— Что же тогда петь? — пробормотал удивленный полковник генерального штаба.
— Вы что, притворяетесь, что не знаете? «Полтавский бой», «Бородино», «Что за песни, вот так песни распевает наша Русь», «Раздайтесь, напевы победы». Будто не пели в корпусе и училище хороших песен, будто не видали песенников. А эту развращающую солдата грязь потрудитесь изъять из обращения. И вы, ваше превосходительство, благоволите наблюсти за тем, чтобы репертуар ваших песенников был патриотический и возвышающий душу, а не роняющий высокое имя солдата… Жрал бы, играл бы! Черт знает чего не придумают! Какие идеалы!
Саблин круто повернулся и вышел. Автомобиль уже был подан. Петров знал своего генерала и знал, что он ни минуты не останется там, где ушел, не поблагодарив солдат.
Едва автомобиль завернул за угол улицы селения, командир полка, от которого были песенники, сказал громко.
— Ну гусь! Настоящий гвардейский гусь. Реакционный генерал. Молчать и не пущать!
— Оставьте, Михаил Иванович, — сокрушенно сказал начальник дивизии, — ну в самом деле, что это за песни?

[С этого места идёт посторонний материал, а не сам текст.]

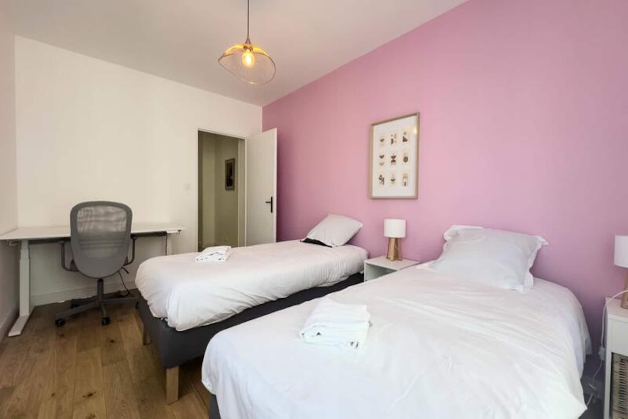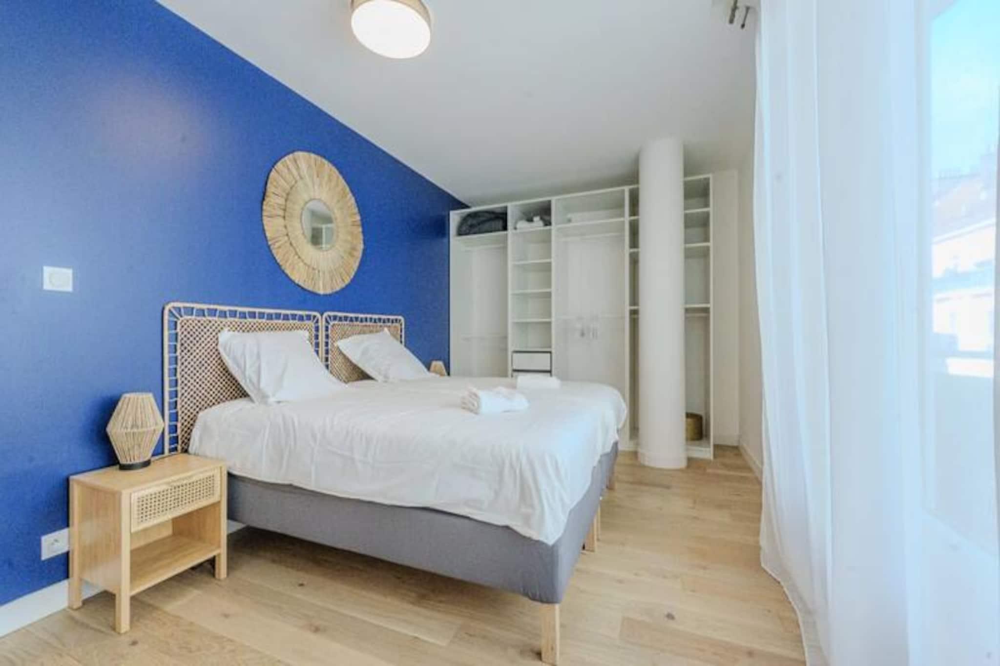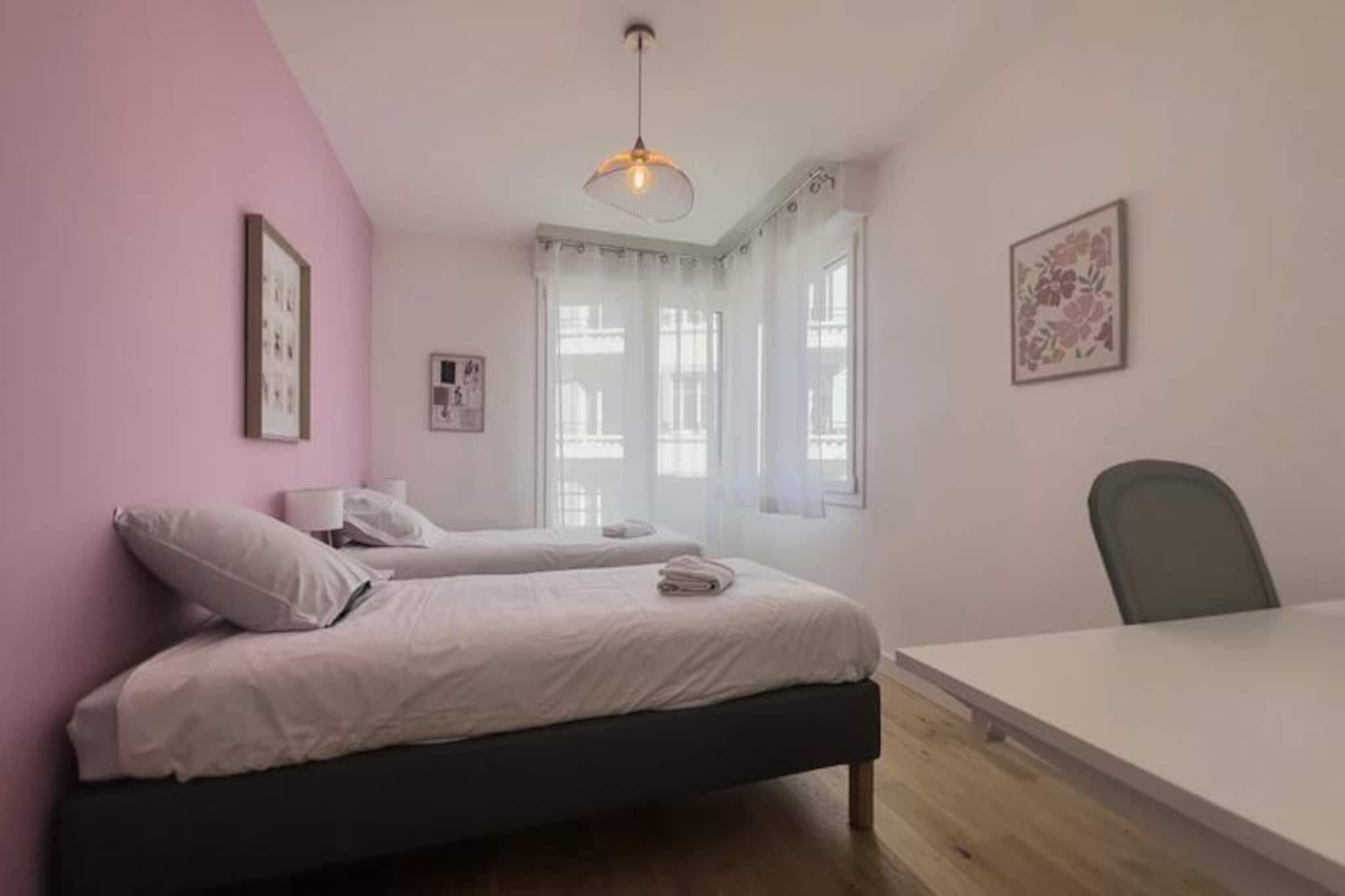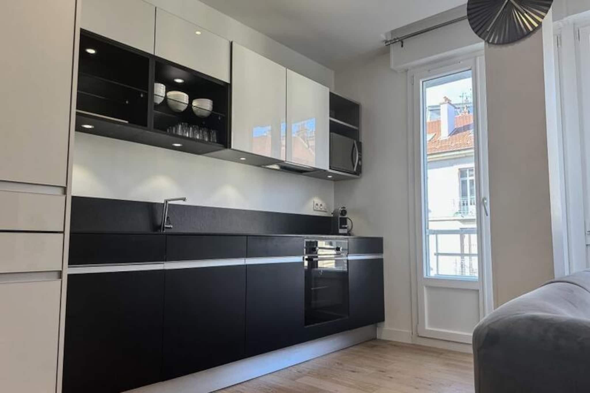 In the heart of Grenoble, where the charm of the French Alps meets urban sophistication, this beautifully renovated 2-bedroom apartment offers a perfect blend of comfort and convenience. Situated on Avenue Alsace Lorraine, between the train station and the vibrant city center, this fourth-floor retreat with elevator access provides a serene escape amidst the bustling city life. Step onto the private balcony and soak in the lively atmosphere while enjoying a cup of coffee or a quiet evening under the stars. The apartment is thoughtfully designed to cater to all your needs. The spacious living room invites you to unwind with its cozy sofa, armchair, and a dining area for six. Stay connected with high-speed Wi-Fi or relax with your favorite shows on the flat-screen TV. The open-plan kitchen is fully equipped with modern appliances, including a refrigerator, oven, microwave, induction hob, and Nespresso coffee machine, ensuring you can prepare meals with ease. The two bedrooms are havens of comfort, featuring a king-size bed in one and two single beds in the other, complete with plush duvets, pillows, and ample storage. The sleek bathroom boasts a bathtub and sink, while a separate toilet adds extra convenience. Perfectly located, the apartment is a stone's throw from Grenoble's tram lines, offering seamless access to key destinations such as Victor Hugo Square, the universities, and La Tronche Hospital. Whether you're exploring the historic streets, indulging in local cuisine, or venturing into the nearby Alps, everything is within easy reach. Paid street parking is available for those traveling by car, and the independent check-in process ensures a hassle-free arrival. Whether you're visiting for business or leisure, this apartment promises a memorable stay in the heart of Grenoble. With its modern amenities, prime location, and welcoming ambiance, it’s the ideal base for discovering the city and beyond.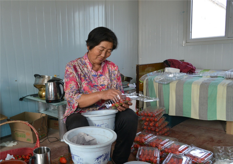 6月22日,興勝店村村民楊春花在包裝自家大棚種植的草莓。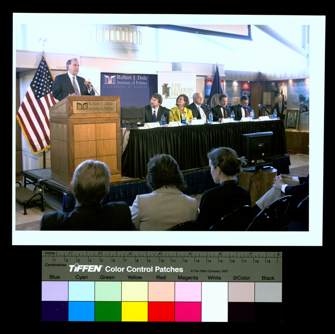 Bob Dole Monitoring the Bipartisan Leadership Forum on Health Care Policy at the Dole Institute | Dole Archive Collections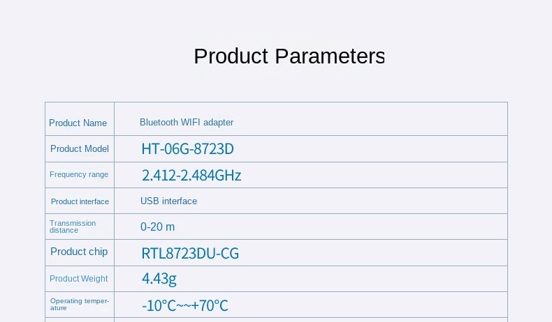 5.0 USB WiFi Wireless Adapter with Bluetooth Transmitter, Reception, External Power Supply, 15 Mbps Transfer Rate, 10m Range, 2.1 Bluetooth Standard, 2.4GHz Frequency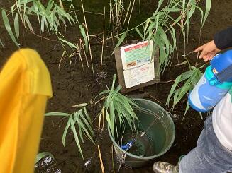 ザリガニを釣るルールが書いてあったり,バケツが置いてあったりしました。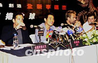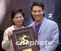 組圖:李連杰出席電影《猛龍戰(zhàn)警》亞洲區(qū)記者會 2001年07月07日 22:33 ![]() 國際武打影星李連杰7日在香港出席動作電影《猛龍戰(zhàn)警》亞洲區(qū)記者招待會。《猛龍戰(zhàn)警》是他第三部荷李活制作的電影,該片香港區(qū)發(fā)行商特別在記者會上向李連杰致送紀念品。中新社傳真鄧慶樂攝 ![]() 荷李活電影《猛龍戰(zhàn)警》7日在香港舉行亞洲區(qū)記者招待會。影星李連杰、監(jiān)制及編劇洛比桑(右二)、及另一監(jiān)制史提芬查士文(左一)出席在記者會上。中新社傳真鄧慶樂攝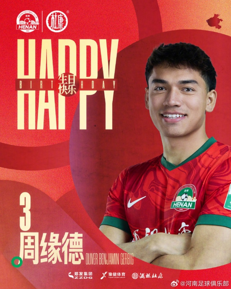 今天是河南俱乐部球员周缘德的生日,让我们一同祝福他生日快乐!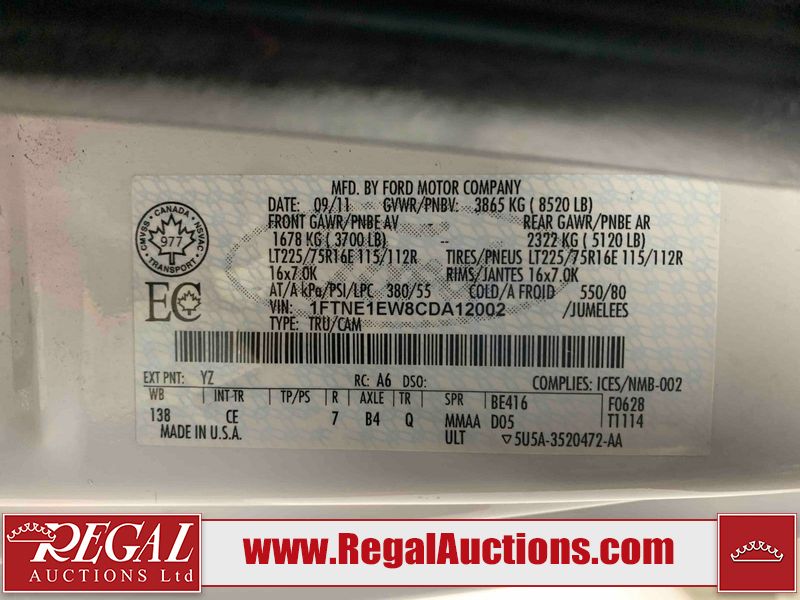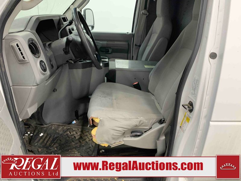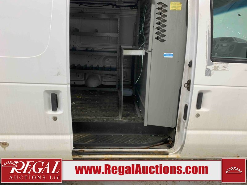 This 2012 FORD E-SERIES VAN CARGO VAN is powered by a 4.6L V8 gasoline engine and an automatic transmission. The van has seats for 2 people. The van has high mileage for its age. The vehicle does not have power windows or power locks. The body looks to be in rough condition overall. There is extensive rust on the roof and right rear fender. There is considerable dent damage on the rear bumper. There are a fair amount of chips on the front bumper. There is a fair amount of dent damage on the left front fender and left front door. There is conspicuous rust on the left front door, left rear fender, rear bumper, right rear door, and right front door. There are scratches on the front bumper, left front fender, left rear fender, rear door, right rear fender, right rear door, and right front door. There is rust on the front bumper, hood, and rear door. There are chips on the hood and left front fender. There is slight paint peeling on the right rear door. There are very minor scratches on the hood. There is very minor dent damage on the rear door. The headlights are broken. The interior looks to be in fair condition overall. The driver's seat is torn. There are cigarette burns on the drivers seat. The passenger seat is stained. The windshield is cracked. The passenger side rear tire is worn. All of the other tires have lots of tread remaining. This van is being sold by an automotive broker. Regal Auctions Ltd. makes no guarantee or warranty, either express or implied, with respect to the data provided in this report. The information has been provided from the consignor and from sources generally believed to be reliable, however the accuracy of this information cannot be guaranteed by Regal Auctions.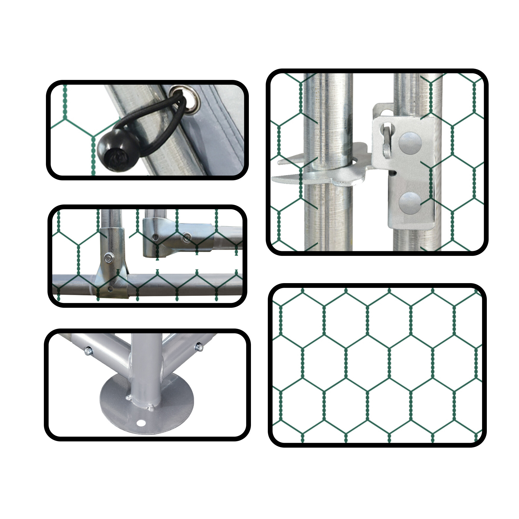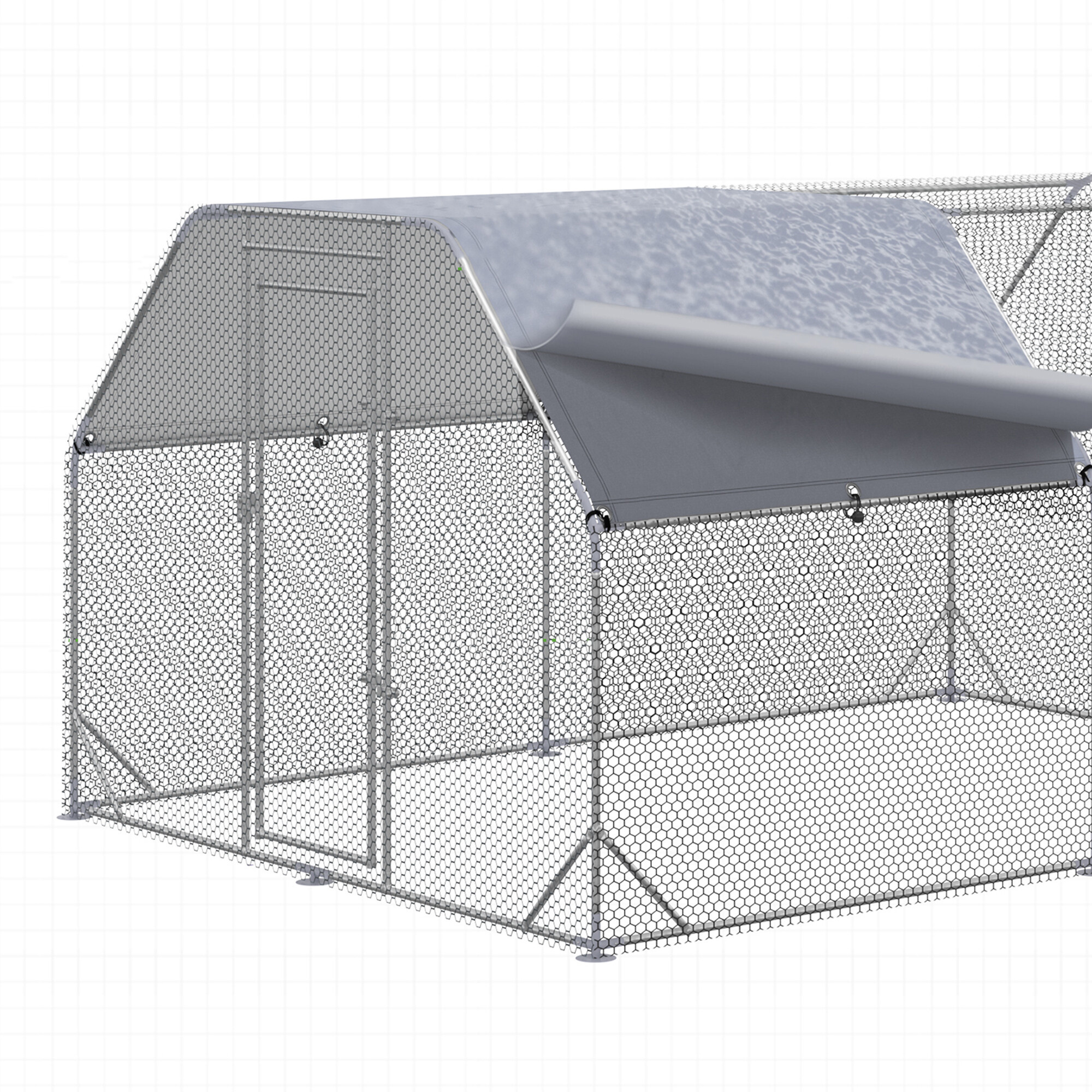 Cage made from strong silver galvanized steel, which provides the run with proper stability and prevents unwanted injuries, such as your poultry escaping. The construction is complemented by a green galvanized mesh and a roof made of gray PVC tarpaulin.

— Современные песни, ваше превосходительство, — сказал Шлоссберг. — Теперешний солдат не станет петь той дребедени, которую назвал командир корпуса. Он перерос все это. У него свои песенники, свои душевные запросы и переживания, и мы, офицеры, в тяжелое время войны должны следить за сложными изгибами его смятенной души.
— Плевицкая «Стеньку Разина» перед Государем пела, и Государь одобрял, а его превосходительству не понравилось.
— Оставьте, Михаил Иванович. Видите, мы у праздника. Тошно и без вас. Извольте теперь занятия придумать да в жизнь провести. Он ведь проверит. Я слыхал про него.
— Да какие же занятия, ваше превосходительство. Что же, вы хотите ожесточить солдат перед боем? — сказал полковник.
— Но, господа, что-нибудь да надо делать. А этих песен, господа, чтобы при нем не пели.
— Понимаю, — улыбаясь, сказал Осетров.
Саблин в это время ехал по длинной гати в густом лесу и пожимался, как от холода, в теплой шинели. Тошно было у него на душе.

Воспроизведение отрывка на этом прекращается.